Note that this was a DL computation. The matrix must be solved modulo the
order of the group. One typically does this by solving it modulo small primes,
then pasting the results together with the CRT. Solving the system modulo
one of the small primes can be done completely independently of the others.
This is a natural parallel partition of the problem. One then brings everything
together with the CRT.

Such a partition does not seem to exist for solving it over GF(2). I wish it
did.

[QUOTE=R.D. Silverman;97836]Such a partition does not seem to exist for solving it over GF(2). I wish it did.[/QUOTE]

The curse of characteristic 2, yet again.

So many factorization algorithms depend on solving x^2 = y^2 mod n, which ties us to a characteristic 2 computation in the matrix stage. How about jumping to the congruence x^k = y^k mod n (k large and smooth)? Two huge problems with this, of course: (i) sieving, or whatever approach one uses to collect relations, could be inefficient -- but we'd already be at the point where the matrix was much more inefficient anyway; (ii) the linear algebra is now over Z/(k), which ain't a field, but this could be a minor issue.

Anyone think it might go in this direction some day?

[QUOTE=FactorEyes;97839]The curse of characteristic 2, yet again.

How about jumping to the congruence x^k = y^k mod n (k large and smooth)?

Anyone think it might go in this direction some day?[/QUOTE]

No, it will never go in this direction.

Hint: Ask yourself what are the requirements on the factors of n (and n)
for a solution to the congruence x^3 = y^3 mod n to even exist?

Further hint: such a congruence does not exist for most n and almost all k.

[QUOTE=R.D. Silverman;97836]Indeed. I hope that more details are forthcoming.

Note that this was a DL computation. [/QUOTE]

There is such a note in the very first line of my post.

[QUOTE] Such a partition does not seem to exist for solving it over GF(2).
I wish it did.[/QUOTE]

We're in disagreement on this topic once again. I didn't Quote the
section of Thorsten's post on solving logs for small primes, which was
"done at the end of the matrix step". I stand by my description; let's
discuss again in six months. -Bruce

[QUOTE=R.D. Silverman;97840]No, it will never go in this direction.
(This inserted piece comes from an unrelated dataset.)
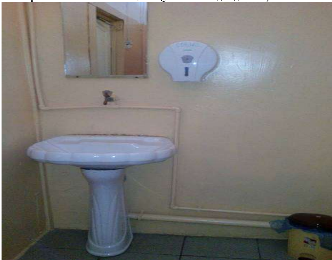
Фото № 16

Hint: Ask yourself what are the requirements on the factors of n (and n)
for a solution to the congruence x^3 = y^3 mod n to even exist?

Further hint: such a congruence does not exist for most n and almost all k.[/QUOTE]Oh, I get it -- for some reason I thought the x^2 = y^2 congruence at the heart of these things was nothing special, only that it was the easiest to solve. :no:

For a prime exponent k, x^k = x and y^k = y (mod k), so

x^(k-1)+x^(k-2)y+...+y^(k-1) = (x^k - y^k)/(x - y) will be congruent to 1 whenever x and y are incongruent mod k. Hence you can only split off factors which are congruent to 1 modulo k. Yech.
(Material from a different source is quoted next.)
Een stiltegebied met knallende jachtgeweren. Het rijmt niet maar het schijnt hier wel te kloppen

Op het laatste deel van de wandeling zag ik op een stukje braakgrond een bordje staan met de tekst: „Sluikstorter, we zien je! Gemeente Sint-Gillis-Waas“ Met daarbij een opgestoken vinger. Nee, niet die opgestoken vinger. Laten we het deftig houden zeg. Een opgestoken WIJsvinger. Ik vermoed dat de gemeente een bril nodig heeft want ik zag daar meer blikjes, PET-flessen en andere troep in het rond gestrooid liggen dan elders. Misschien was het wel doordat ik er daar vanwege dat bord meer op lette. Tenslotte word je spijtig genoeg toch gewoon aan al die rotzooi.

[QUOTE=FactorEyes;97921]Oh, I get it -- for some reason I thought the x^2 = y^2 congruence at the heart of these things was nothing special, only that it was the easiest to solve. :no:

For a prime exponent k, x^k = x and y^k = y (mod k), so

x^(k-1)+x^(k-2)y+...+y^(k-1) = (x^k - y^k)/(x - y) will be congruent to 1 whenever x and y are incongruent mod k. Hence you can only split off factors which are congruent to 1 modulo k. Yech.[/QUOTE]


Bingo! The exponent 2 works because all primes (except 2) are 1 mod 2.
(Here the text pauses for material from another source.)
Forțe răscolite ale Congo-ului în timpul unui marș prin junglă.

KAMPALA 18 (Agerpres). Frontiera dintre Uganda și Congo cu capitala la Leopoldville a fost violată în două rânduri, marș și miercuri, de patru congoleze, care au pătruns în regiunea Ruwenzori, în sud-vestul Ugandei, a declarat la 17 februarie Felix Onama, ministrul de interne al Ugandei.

[QUOTE=bdodson;97851] I didn't Quote the
section of Thorsten's post on solving logs for small primes, which was
"done at the end of the matrix step". I stand by my description; let's
discuss again in six months. -Bruce[/QUOTE]

Well. Here's another part I neglected to Quote (and/or read carefully),
there's a reference to Joux-Lercier, Math Comp, Nov., 2002 (from a
revision in Oct. 2000). From that article ("improvements in gnfs for DL .."),
Thorsten reports 3 "small differences", including an improvement in the
linear algebra.

I'm still somewhat puzzled by Bob's suggestion that DL gnfs is more
inherently parallel than gnfs for integer factorization. One possible
reduction uses the prime factors of p-1; but Thorsten takes the prime p
in the "usual form" with q= (p-1)/2 also prime. The linear algebra is
then mod q (not 2, indeed). J-L describes an initial structured gauss
step; which sounds as though it may correspond to merging large primes
during filtering (where J-L doesn't use large primes). I'm still seeing a
central computation on a single large matrix --- parallel Lanczos for J-L,
"Wiedemann" for Thorsten. The result of this "matrix step" does supply
logs for some small primes ("good" ones in J-L, "many" in Th). We haven't
yet gotten to the particular number whose log we're supposed to be
computing --- the entire matrix step is a "pre-computation" (J-L) before
getting to the particular log; but the post-computation is then relatively
routine, and not-so intensive. So that's 14 cpu-years for the matrix, and
"a few hours per individual log" (Th).

J-L report an additional sieving step (after the matrix solution) to write
x = A/B; Th has y = -(d/n) mod p. In either case, A,B or d,n are supposed
to be products of small "good" primes or medium primes ("larger" in Th).
The logs of these primes are, in fact, reduced to logs of primes below
2^32. Is this the step Bob wants to distribute? If so, it's just this final
post-computation, not the main matrix "pre-computation" (independent/
before) getting to the specific number whose log is being computed.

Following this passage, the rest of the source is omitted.